• GIVEN DATA
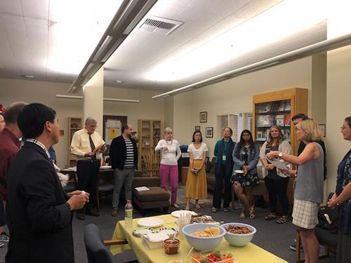 On Tuesday September 25, 2018, at the beginning of the second week of Fall quarter, a group of Religious Studies faculty and students gathered for a back-to-school mixer social event. About twenty faculty and students met over snacks and engaged in discussion about our summer adventures and plans for the upcoming school year. The students present included some of our majors and minors, as well as several undeclared students, two of whom declared a Religious Studies major and minor, respectively, shortly after the event ended. Overall it was an excellent way to begin what will hopefully be a wonderful 2018-19 academic year.
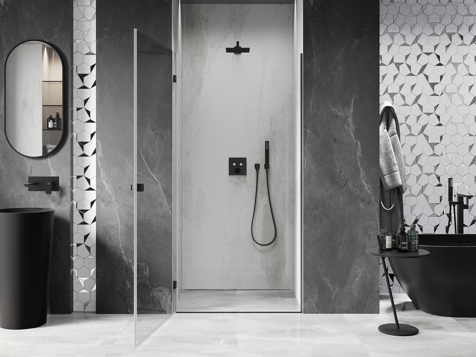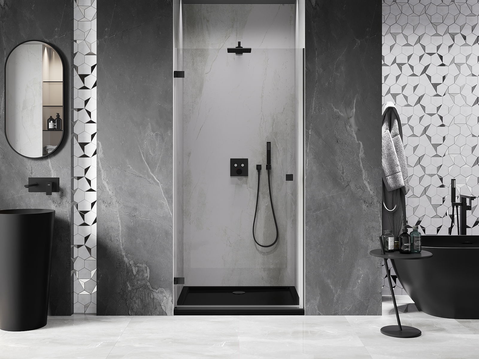 Produktą, atsižvelgiant į poreikius, galima sumontuoti tiek ant dušo padėklo, tiek tiesiogiai ant grindų. Universalus montavimo būdas leidžia pritaikyti produktą įvairių tipų vonios kambariams ir erdvės konfigūracijoms.
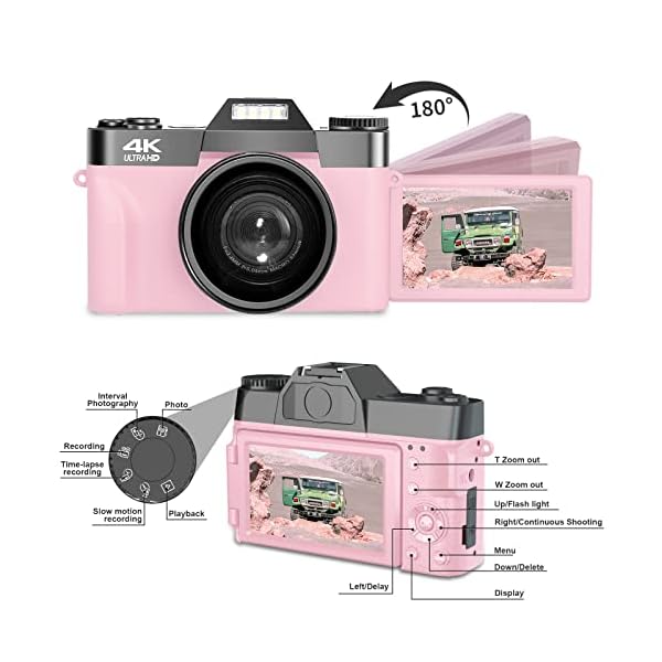 📸【Digital Camera with Wide Angle Lens & Macro Lens】The 4K camera equipped the camera with a professional detachable 52mm wide angle lens with macro lens, so the camera is great for capturing wide horizons easily, and macro lenses capture the diversity of the tiny world. Sharp 4K photos can be ruled out with manual focus. With a knob on the top of the camera, you can switch between photos, video, time-lapse photography and other features.
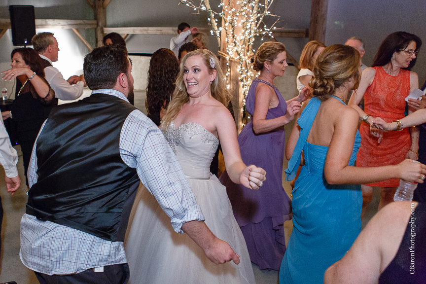 Haylie’s dress was incredible. It was so ethereal and she truly had that bridal “glow.” Her bouquet was absolutely beautiful and fit the otherworldly feel their wedding had. Haylie and Drew shared a sweet and intimate first look, which was followed by a lot of playfulness and laughter. They even shared some quality time with their bridal party. After the ceremony, their guests enjoyed dinner off of the gorgeous mismatched china inside the barn with signature beverages from Haylie and Drew. The remainder of the night was filled with joy and their guests danced under the twinkling lights inside the barn. So romantic!
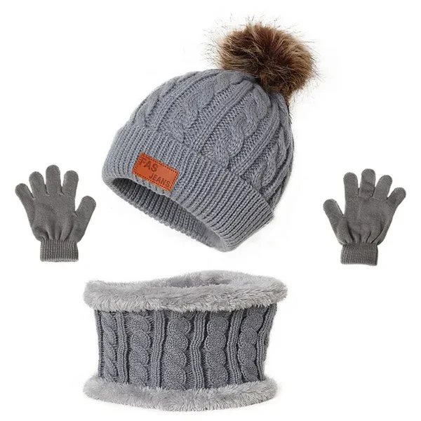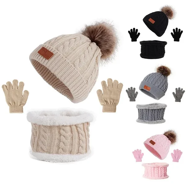 3 Pcs Winter Warm Baby Solid Color Hat Gloves Scarf Set Fur Ball Beanies Cap Mitten Scarves Kit for Toddler Girls Boys Knitted Hemming Hat CAX
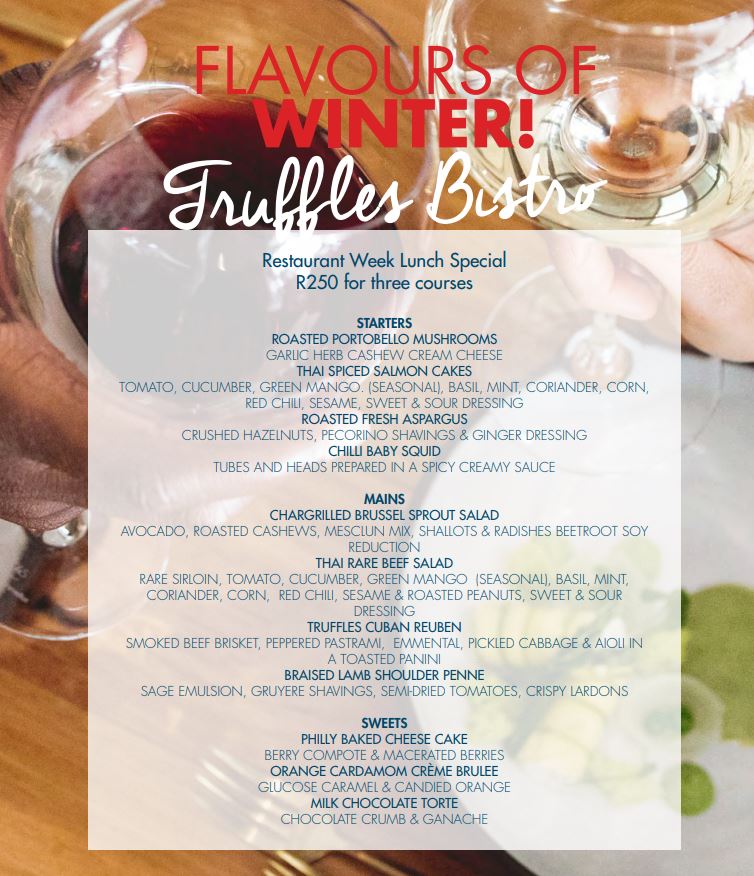 This year, Truffles on the Park will be part of Restaurant Week (18 July – 4 August) offering a lunch menu (2 courses) for only R250 per person. A 3 course dinner menu for R350 is also available.
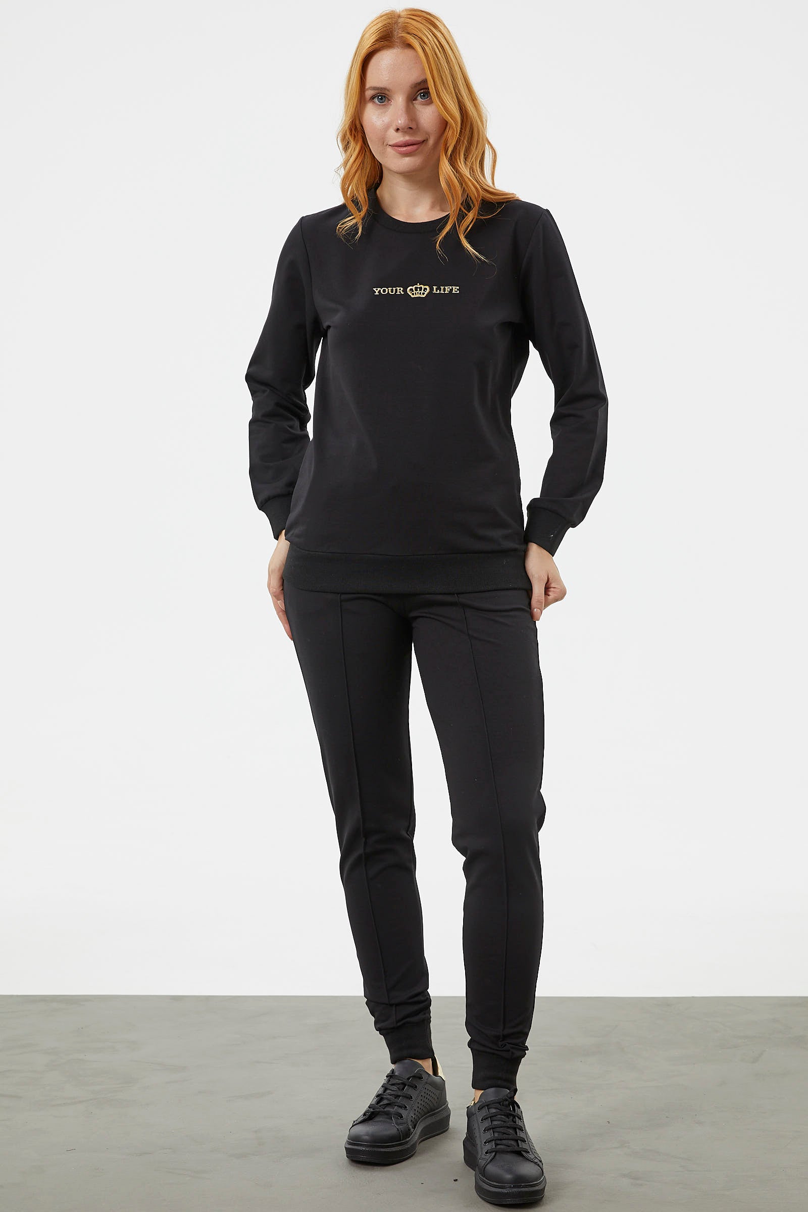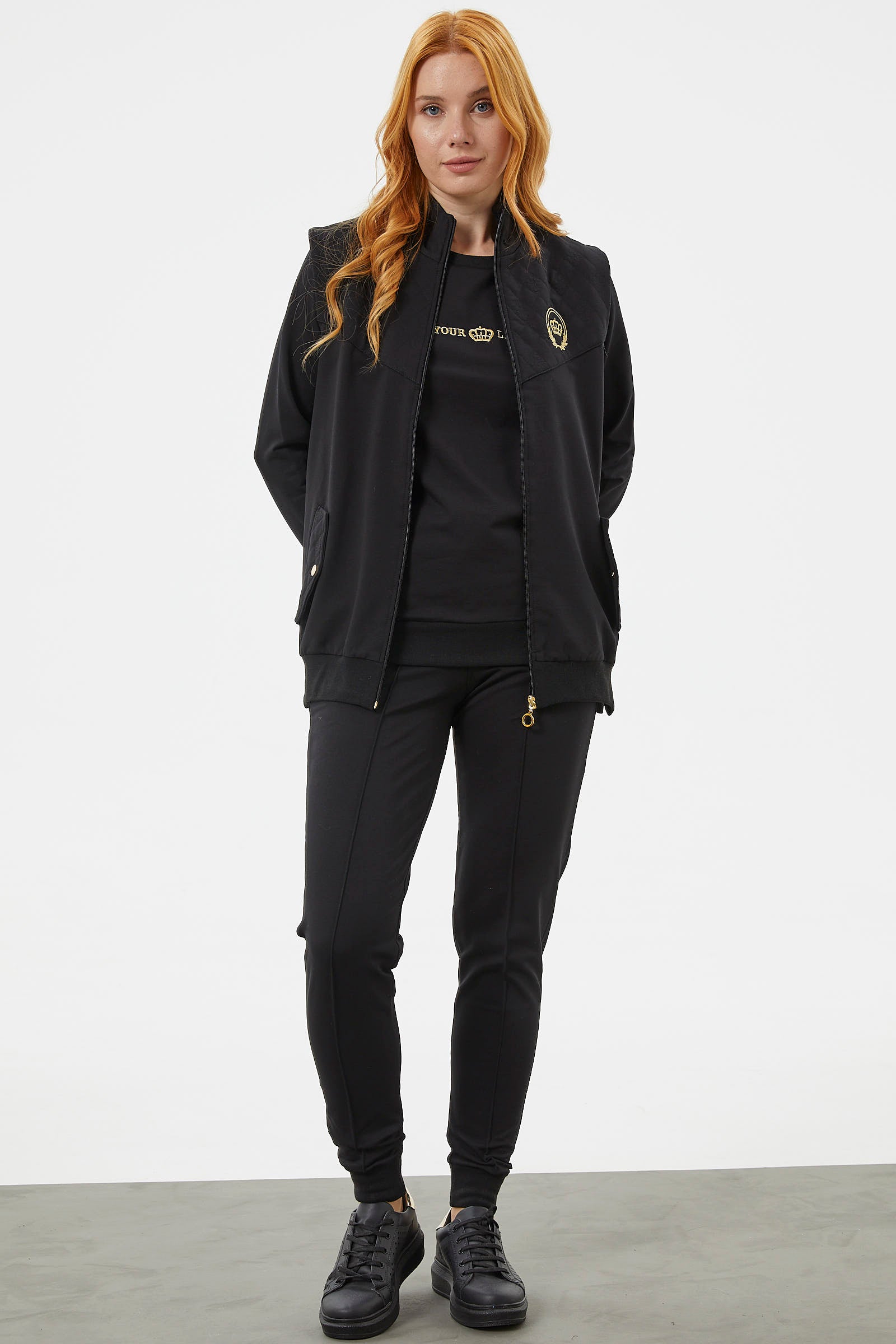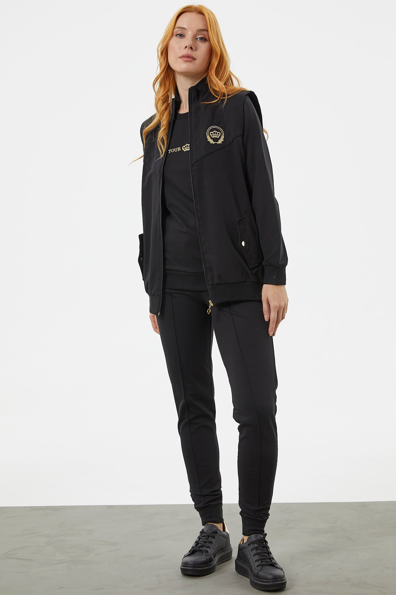 Kapitone Detaylı Yelekli Üçlü Eşofman Takım - Siyah
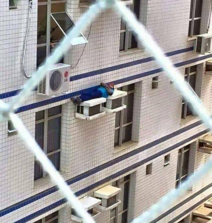 窗外一男子在空调架上睡觉
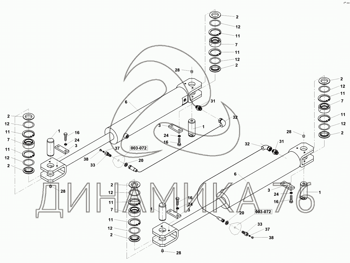 Перечень комплектующих от Steer cylinder на ASC 100
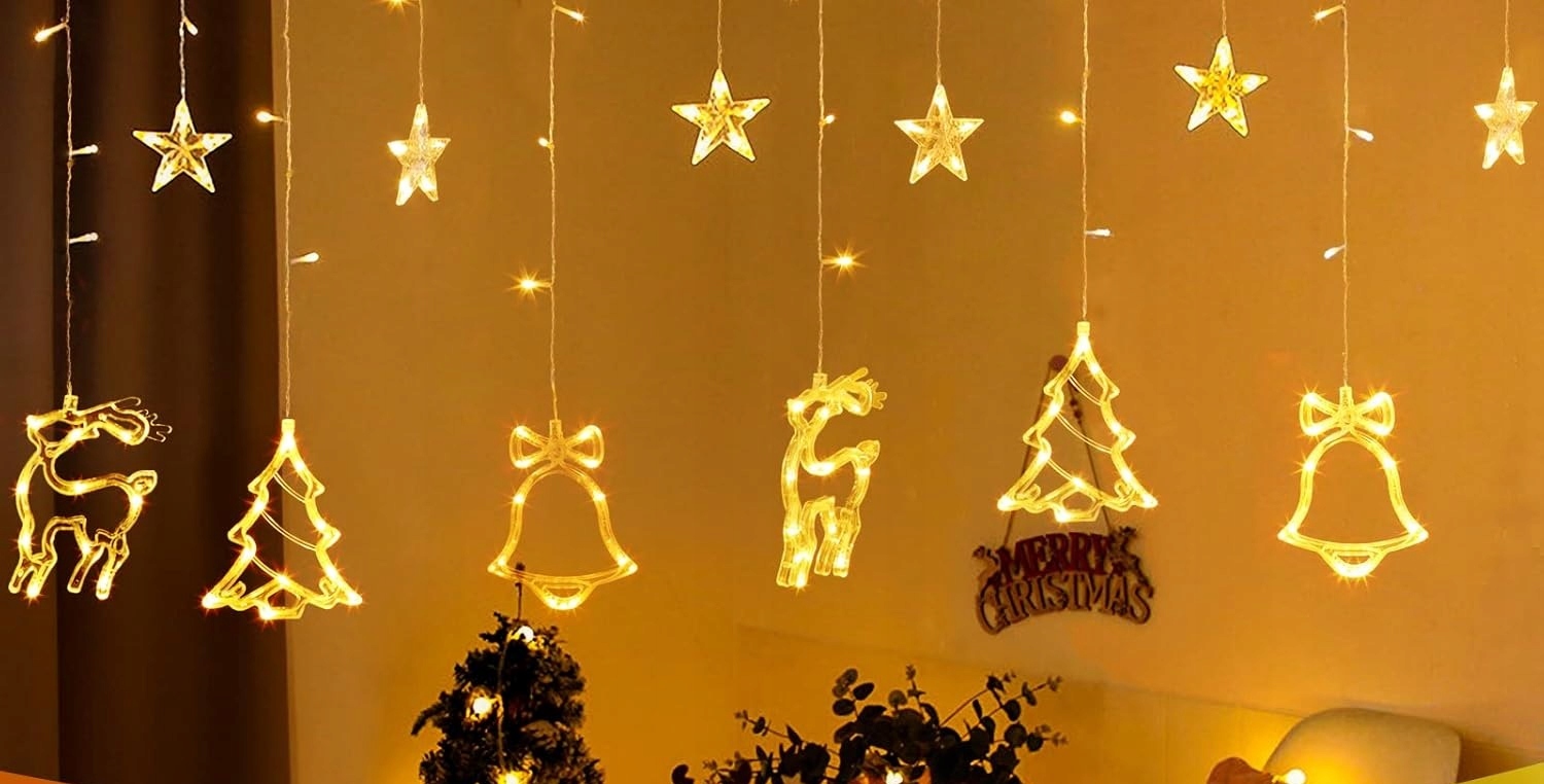 СВІТЛОВА ЗАВІСА ЗІРКИ ОЛЕНІ ЯЛИНКА ВОГНІЧКИ ГІРЛЯНДА ОЛЕНІ

• EXERCISE DETAILS
No picture belongs in the answer; the rest of the records must be repeated exactly.

• TASK RESULT
 On Tuesday September 25, 2018, at the beginning of the second week of Fall quarter, a group of Religious Studies faculty and students gathered for a back-to-school mixer social event. About twenty faculty and students met over snacks and engaged in discussion about our summer adventures and plans for the upcoming school year. The students present included some of our majors and minors, as well as several undeclared students, two of whom declared a Religious Studies major and minor, respectively, shortly after the event ended. Overall it was an excellent way to begin what will hopefully be a wonderful 2018-19 academic year.
 Produktą, atsižvelgiant į poreikius, galima sumontuoti tiek ant dušo padėklo, tiek tiesiogiai ant grindų. Universalus montavimo būdas leidžia pritaikyti produktą įvairių tipų vonios kambariams ir erdvės konfigūracijoms.
 📸【Digital Camera with Wide Angle Lens & Macro Lens】The 4K camera equipped the camera with a professional detachable 52mm wide angle lens with macro lens, so the camera is great for capturing wide horizons easily, and macro lenses capture the diversity of the tiny world. Sharp 4K photos can be ruled out with manual focus. With a knob on the top of the camera, you can switch between photos, video, time-lapse photography and other features.
 Haylie’s dress was incredible. It was so ethereal and she truly had that bridal “glow.” Her bouquet was absolutely beautiful and fit the otherworldly feel their wedding had. Haylie and Drew shared a sweet and intimate first look, which was followed by a lot of playfulness and laughter. They even shared some quality time with their bridal party. After the ceremony, their guests enjoyed dinner off of the gorgeous mismatched china inside the barn with signature beverages from Haylie and Drew. The remainder of the night was filled with joy and their guests danced under the twinkling lights inside the barn. So romantic!
 3 Pcs Winter Warm Baby Solid Color Hat Gloves Scarf Set Fur Ball Beanies Cap Mitten Scarves Kit for Toddler Girls Boys Knitted Hemming Hat CAX
 This year, Truffles on the Park will be part of Restaurant Week (18 July – 4 August) offering a lunch menu (2 courses) for only R250 per person. A 3 course dinner menu for R350 is also available.
 Kapitone Detaylı Yelekli Üçlü Eşofman Takım - Siyah
 窗外一男子在空调架上睡觉
 Перечень комплектующих от Steer cylinder на ASC 100
 СВІТЛОВА ЗАВІСА ЗІРКИ ОЛЕНІ ЯЛИНКА ВОГНІЧКИ ГІРЛЯНДА ОЛЕНІ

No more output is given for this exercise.